Routine H&E Staining

What is H&E?

Hematoxylin and eosin stain (H&E) is one of the principal stains in histology. This stain has been unchanged for many years because it works well with a variety of fixatives and displays a broad range of cytoplasmic, nuclear, and extracellular matrix features. So far it is still the most widely used stain in medical diagnosis and is often the gold standard.

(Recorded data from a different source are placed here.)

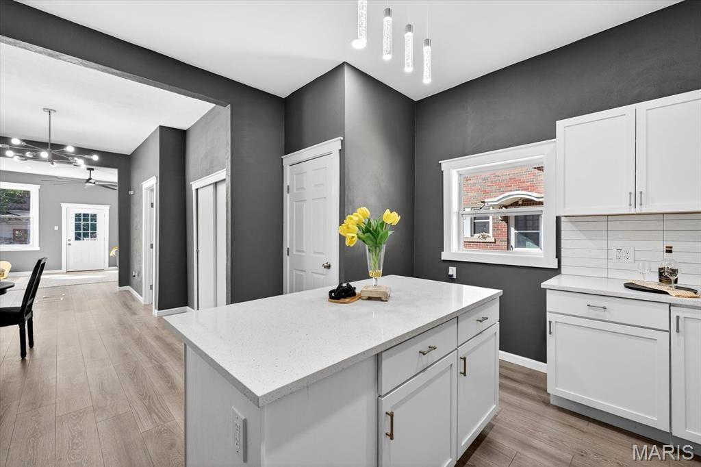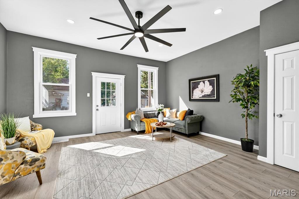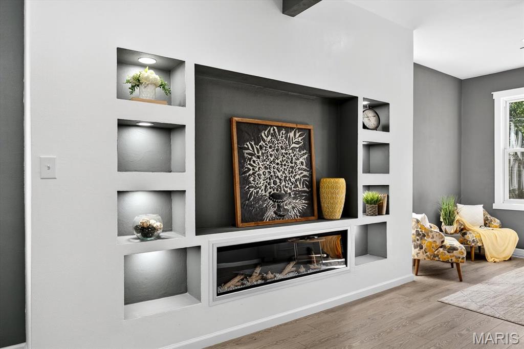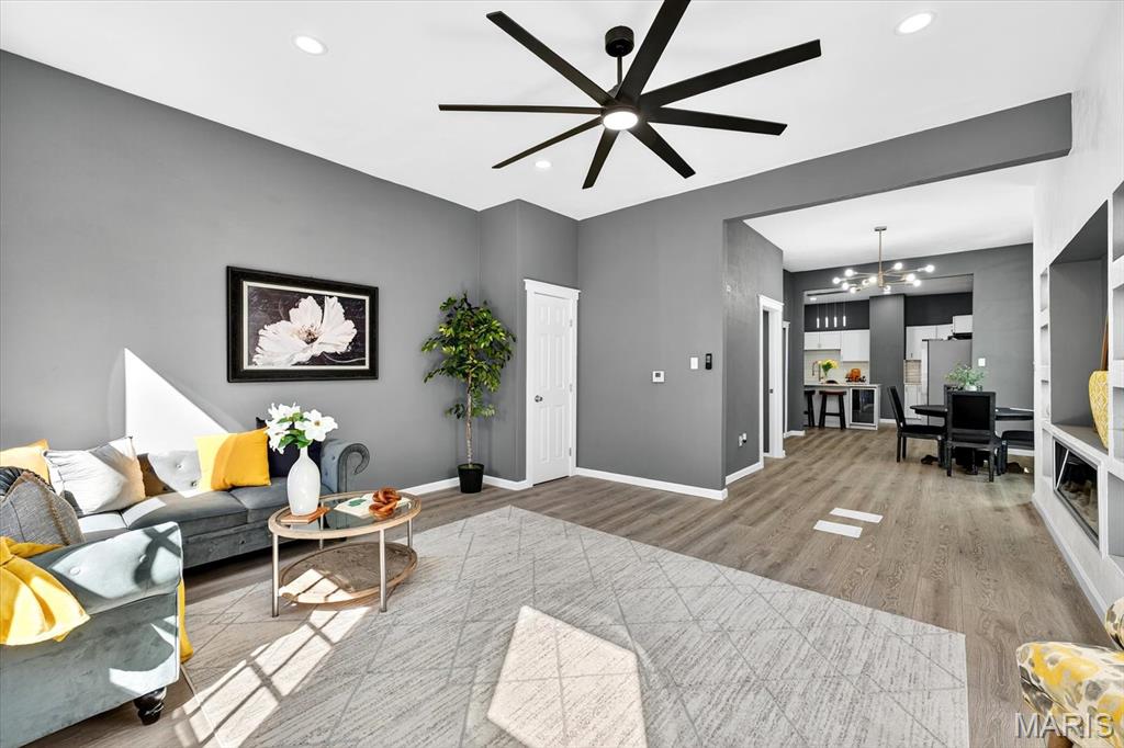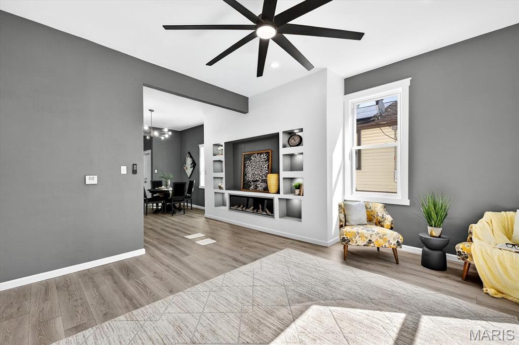 Beautifully updated home in central Belleville. As you enter the living room at the front of the home you can't miss how open the main level is. The living room has a coat closet and the dining room has a closet for storage also. The wonderful built-in is located in the living/dining room area and host a cozy electric fireplace. The dining room leads you into the fabulous totally new kitchen. The kitchen has all new stainless steel appliances including a wine fridge, a center island with seating, and granite countertops. You will find a full bath on the main floor with access to the basement. There is a nice 14x7 (not included in the square footage) enclosed porch/mud room off the kitchen which leads you to the concrete patio and backyard. The upper level host two bedrooms and a convenient half bath. The home has so many updates including a new roof, siding, doors & some windows, flooring, paint, kitchens, baths, lighting, ceiling fans, central a/c, and water heater. The walk up basement is great for storage. All information to be verified by buyer and buyer's agent.
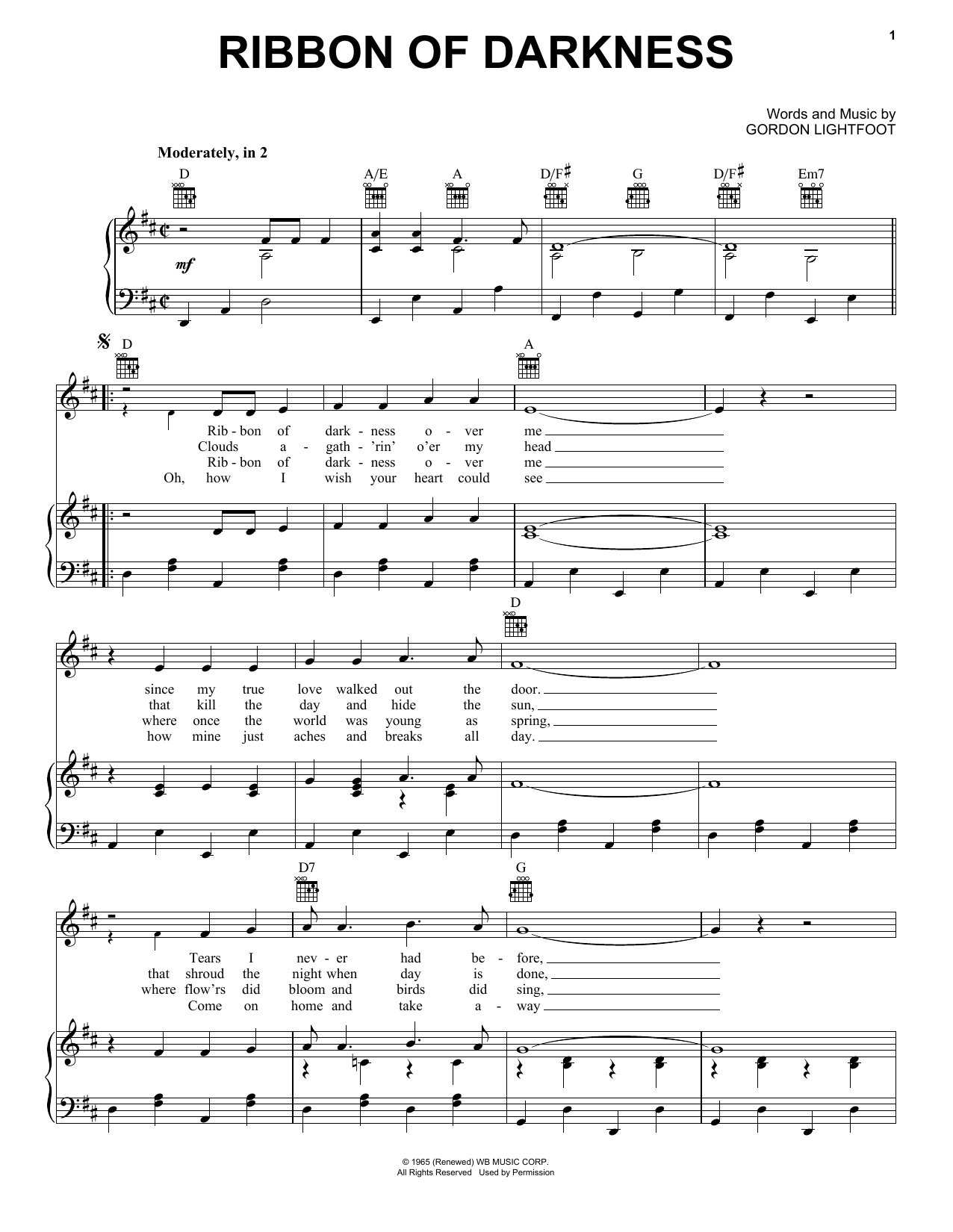 Download or print Gordon Lightfoot Ribbon Of Darkness sheet music, chords and digital score arranged for Piano, Vocal & Guitar Chords (Right-Hand Melody). This Folk score includes 3 page(s).
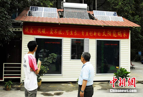 記者看到,這間鋼架結(jié)構(gòu)的房屋功能齊備,雖只有10余平米,但衛(wèi)生間、沐浴間、客廳、臥室一應(yīng)俱全。該房子的主人、退休工程師朱培世告訴記者,房子是由他和團(tuán)隊(duì)成員花了10個(gè)月左右的時(shí)間完成,屋頂上裝有4大塊太陽能板,屋內(nèi)的熱水、通風(fēng)、照明、供暖、甚至降溫都由這幾塊太陽能板提供的能量完成,是一座名副其實(shí)的太能房屋。其方倉建筑、儲(chǔ)冷降溫、太陽供暖、多功能窗、電池支架還獲得國家專利。
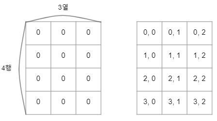 생성 방식 : int[][] num = new int[4][3]; // 4행 3열의 배열 생성
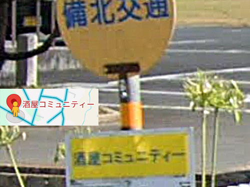まるでお酒やさんを舞台に展開するコミュニティーのように思えてちょっとほほえましい感じですが、西酒屋町の「酒屋コミュニティセンター」前なのでした。バス停の名前には伸ばし棒「ー」が入っています。 GoogleStreetView |
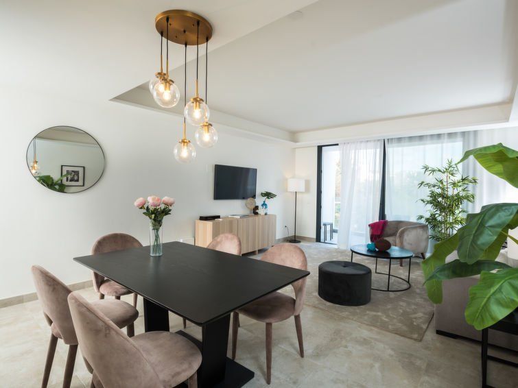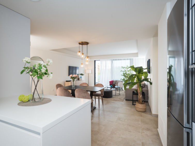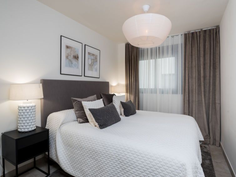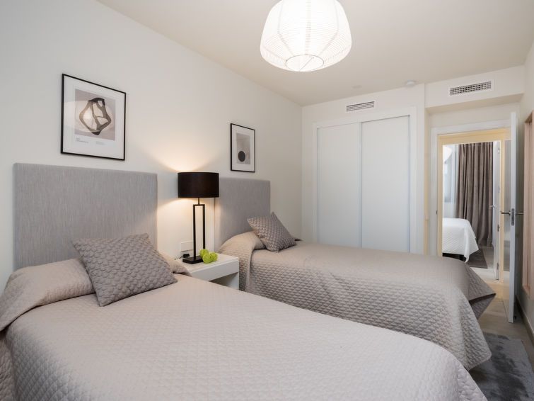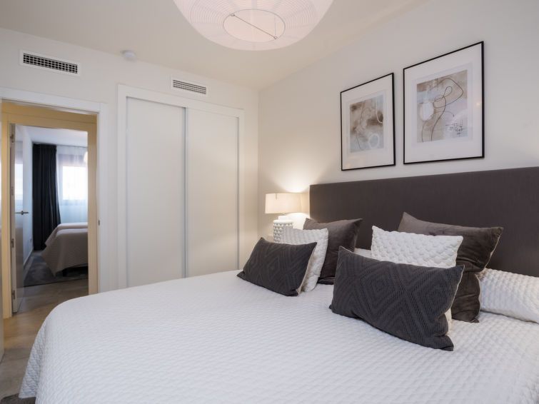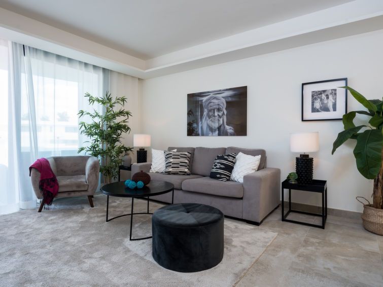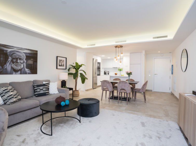 "Estepona Roof Top View 4", 4-room apartment 100 m2 on 2nd floor, east facing position. Object suitable for 6 adults. Modern and stylish furnishings: living/dining room with digital TV, air conditioning and forced-air heating. Exit to the balcony. 1 room with 1 french bed (180 cm, length 200 cm), bath/WC, hand-basin, air conditioning and forced-air heating.

Hematoxylin is a compound extracted from the heartwood of the logwood tree. Haematoxylin can be considered as a basic dye. It is used to stain acidic structures a purplish blue. DNA in the nucleus, and RNA in ribosomes and in the rough endoplasmic reticulum are both acidic, and so haemotoxylin binds to them and stains them purple. Haematoxylin alone is not technically a dye, and will not directly stain tissues. It therefore needs to be used in combination with a “mordant” – a compound that helps it link to the tissue to form a tissue-mordant-haematoxylin linkage. The mordant used is typically a metal cation, such as aluminium.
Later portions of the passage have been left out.